Le problème des résidences secondaires : Les zones touristiques sont les plus concernées. Il faut par exemple voir qu’une ville comme Biarritz à perdu 20 % de ces habitants passant 25 000 à 20 000 au cours des deux dernières décennies. On a donc dans ces zones un taux de résidences secondaires qui dépasse souvent 50% des habitations voir 80 à 90% dans certaines zones côtières de Bretagne. Les variations fortes de population créent de nombreux problèmes sociaux et environnementaux. Les prix en bord de mer sont ceux du marché parisien voir plus, approchant les 10 000€ m2. Les résidents locaux se retrouvent à devoir se loger loin de la côte, souvent à 30 ou 45 minutes de voitures, car bien sûr les transports en commun ne sont pas dimensionnés et on se retrouve avec des points de blocages aux entrées des agglomérations côtières.

Le phénomène de migration de Paris vers les régions n’est pas nouveau. Il a débuté avec l’augmentation des prix de l’immobilier parisiens dans les années 2000, c’est accéléré gentiment, mais surement depuis en suivant, voir en anticipant l’ouverture des lignes TGVs.
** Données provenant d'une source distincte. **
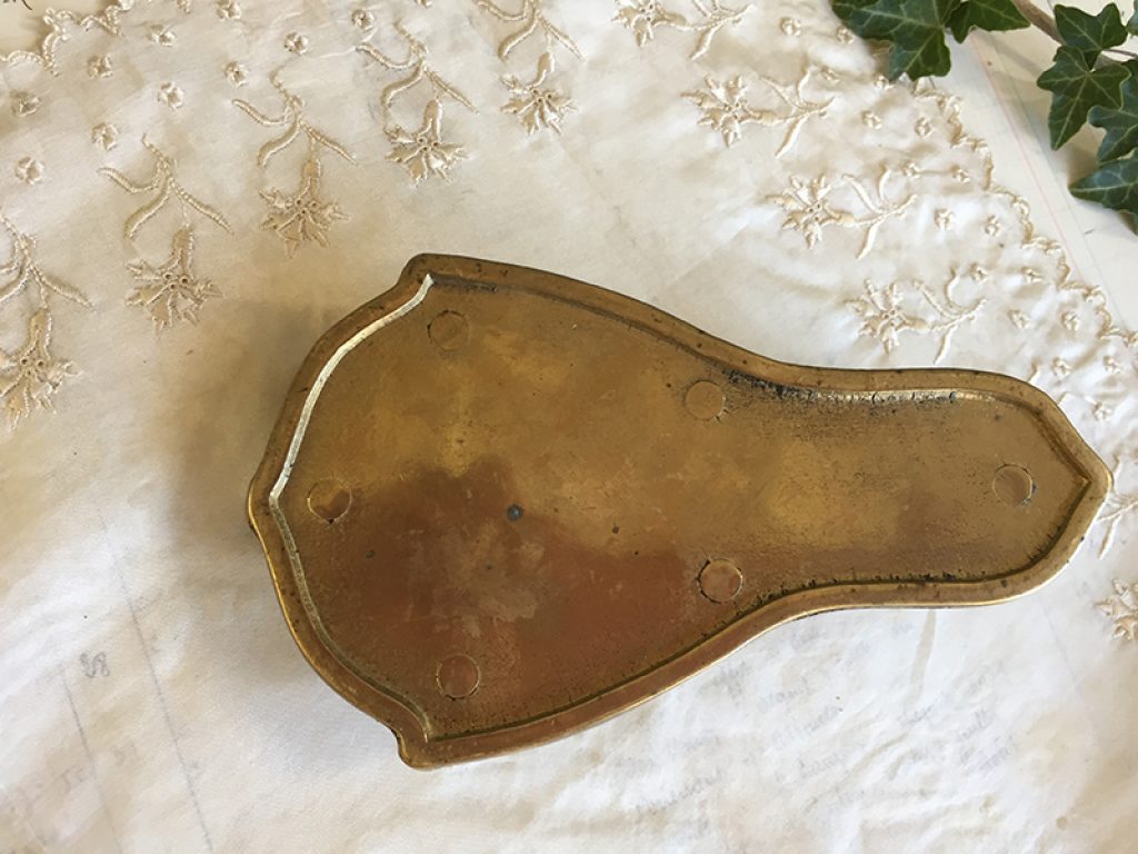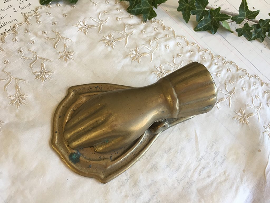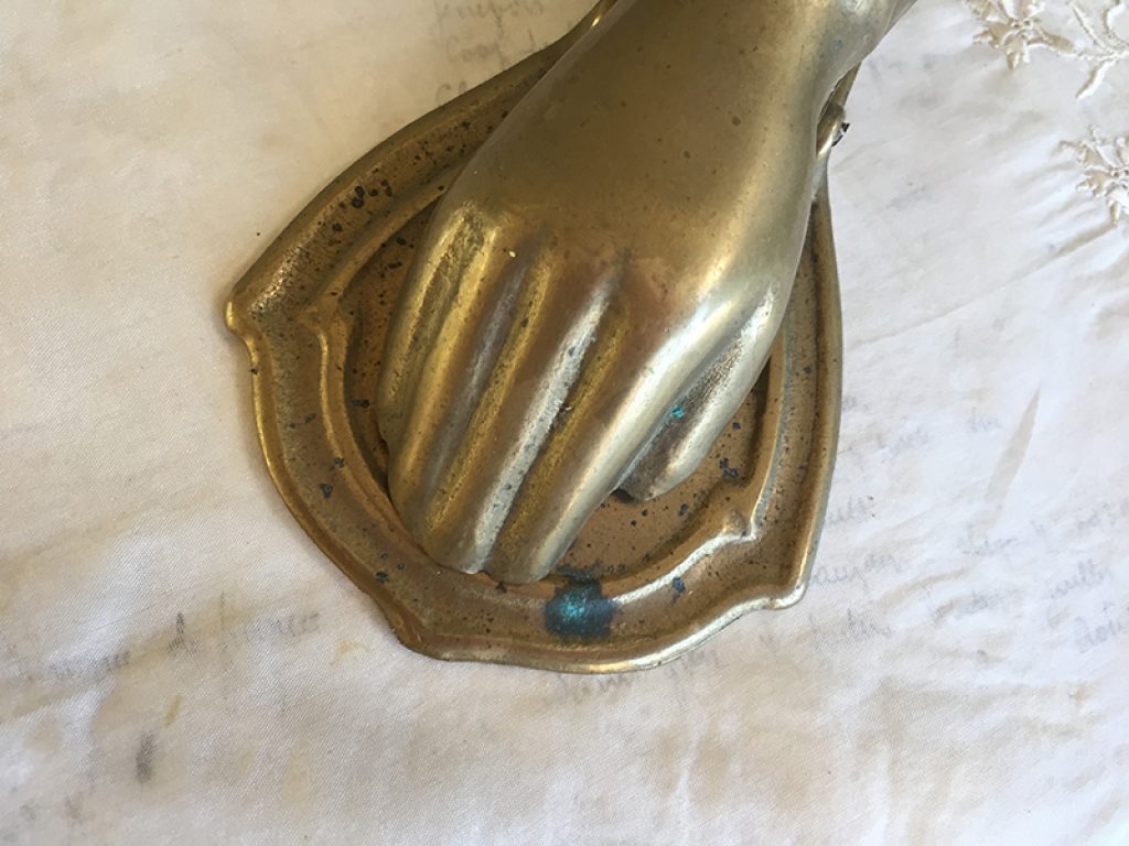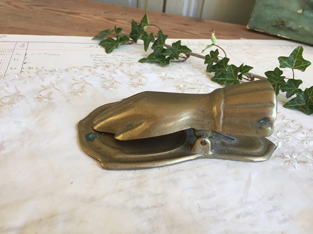 Ancienne main pince document en laiton comportant une petite trace d’oxydation due à son âge.

Des agglomérations comme Bordeaux, Nantes, Rennes, Marseille ont vu leurs populations augmenter et changer. Si on prend l’exemple de Bordeaux, après un creux dans la population dans les années 90, la population n’a cessé d’augmenter avec une prépondérance pour les « cadres et professions intellectuelles supérieures ». [https://www.insee.fr/fr/statistiques/2011101?geo=COM-33063] Depuis quelques années les infrastructures bordelaises sont surchargées avec des embouteillages quotidiens et une forte gentrification des quartiers périphériques.

Sur des zones comme le Pays basque, de plus en plus de cadres, d’entreprises travaillant dans l’informatique se sont installées tout en faisant des déplacements réguliers sur Paris. Pour les entreprises, ça permet de recruter sur place, sur les métiers qui sont tendus et dont les salaires parisiens s’envolent. Mais on se retrouve avec une double combinaison de résidences secondaires de boomers et de cadres qui sont présents, s’installent ou se réinstallent sur la région, en particulier la côte augmentant d’autant les tensions.
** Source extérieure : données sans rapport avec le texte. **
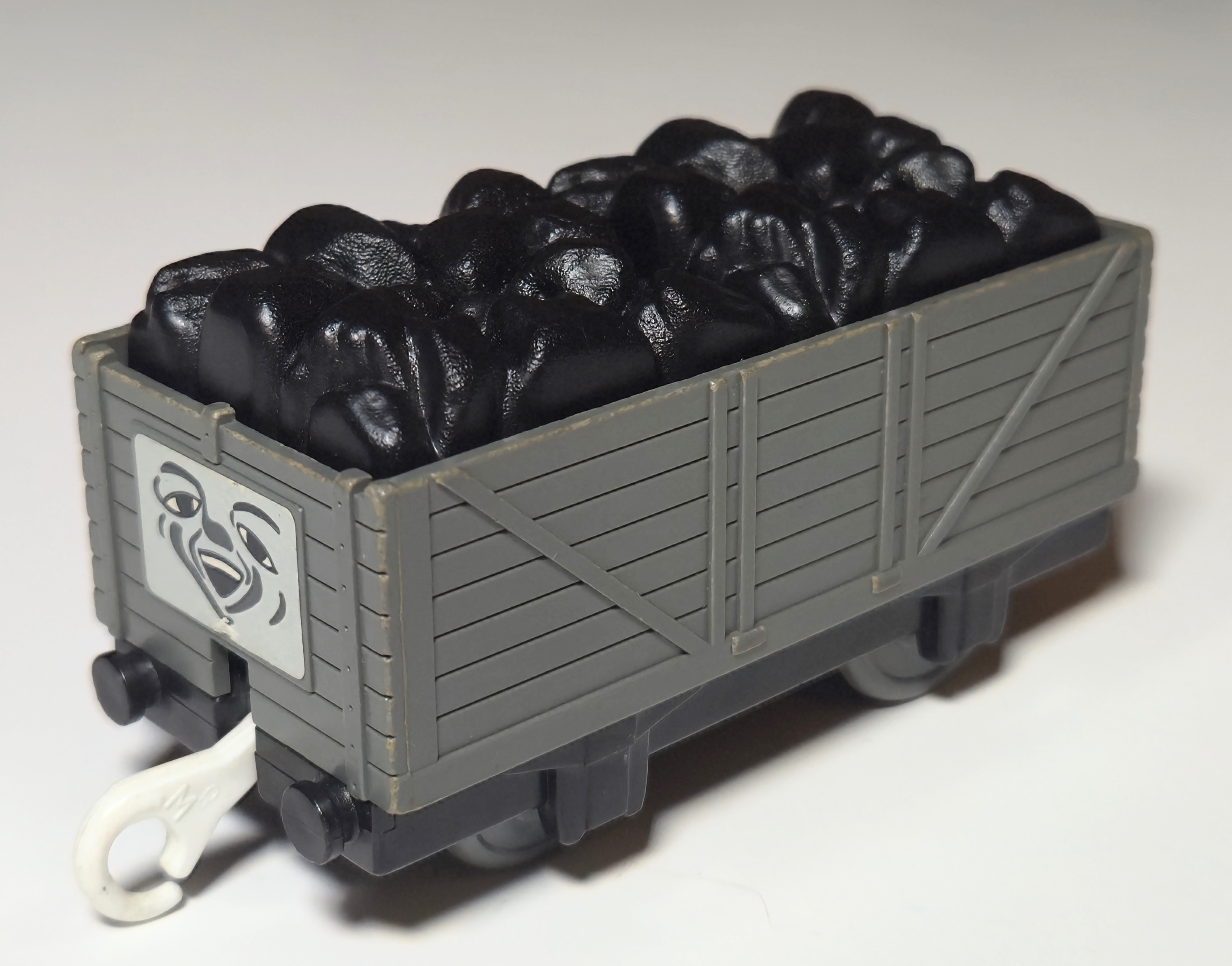 The troublesome trucks included are the sad and happy types. The clay tooling was reused later in different colors for coal and rock loads.

En face, on a une population locale jeune ou moins jeune avec des enfants qui n’arrivent pas à se loger correctement avec un salaire autour de médiane des salaires. Concrètement d’un côté les primo-accédants locaux ont un budget de l’ordre de 250000 € maximum et de l’autre des primo-accédants ou pas avec un budget supérieur à 300 000€ voir beaucoup plus.
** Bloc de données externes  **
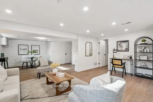 +"PublicRemarks": "Beautifully renovated solid brick bungalow in the sought after Riverview Heights area of quaint Streetsville. Hardwood floors throughout the main floor and LVP throughout the basement. Large windows throughout the main floor with a gorgeous bay window in the living room that allow natural light to fill the home. Gorgeous kitchen with a massive peninsula, high end S/S appliances, natural gas stove and quartz counters that will please any cook in the family. The open plan main living area is fantastic for entertaining. Rare double car garage and double wide driveway w/ separate entrance to the basement that can allow for a secondary unit to be completed. Bright basement with tons of space, a separate bedroom with a huge walk-in closet. Nice corner lot with a fully fenced in side yard. This is a perfect home for a family and for transitional living age in place. Conveniently located close to schools, downtown Streetsville's shopping and dining & GO station."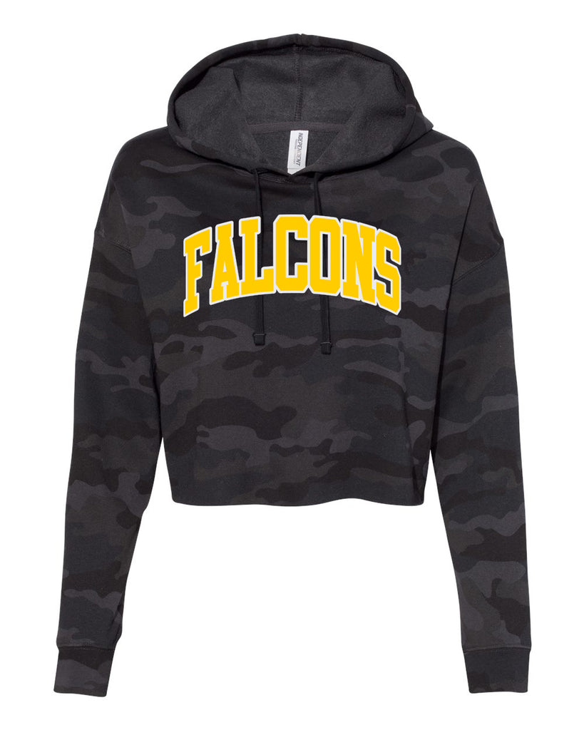Jefferson Cheer Black Camo Women’s Lightweight Crop Hooded Sweatshirt - AFX64CRP w/ Falcons Arc Design on Front.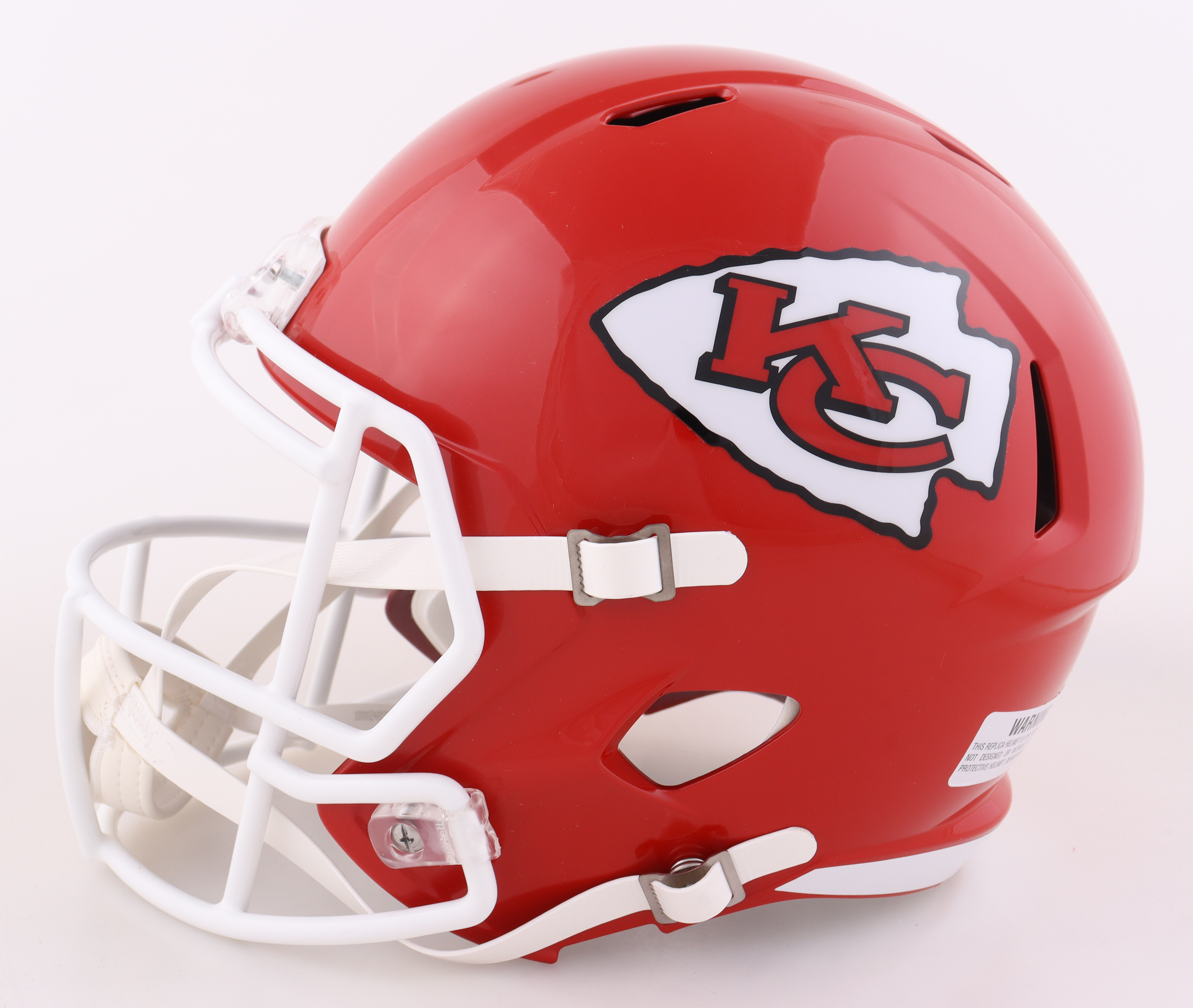 Riddell Kansas City Chiefs full-size speed replica helmet. Hand-signed by Patrick Mahomes II.

Avec le Covid, les choses se sont accélérées. Lors de la 1ère vague, nombre de citadins sont venus se confiner dans leur résidence secondaire ou ont loué une maison, un appartement en bord de mer. Dès l’été dernier, certains ont décidé de déménager en région. Dans mes connaissances, 30% des gens ont déménagé ou ont pris la décision de le faire dans un délai court. Les agents immobiliers se sont soudainement retrouvés submergés de travail et tous les biens invendus depuis des lustres ont finalement trouvé preneur. Les prix ont augmenté 15 à 20 % sur certains secteurs de la côte comme à Hendaye, sur des prix déjà hauts au départ. Pour donner un exemple concret, une maison mitoyenne de 3 chambres bien placée dans Anglet est passée en 2 ans de 275 000 € à 400 000 €. Par effet de propagation, les prix ont augmenté dans le Pays basque intérieur. Donc globalement, si tu veux gagner 20 min de temps de transport tous les jours, tu payes 20% de plus au minimum.

Résultat : Les inégalités sociales augmentent, les tensions aussi. On observe de plus en plus d’actions contre les agences immobilières, même si elles ne sont que le maillon visible du problème. Des actions légales aussi contre certaines ventes de terres agricoles quand c’est possible.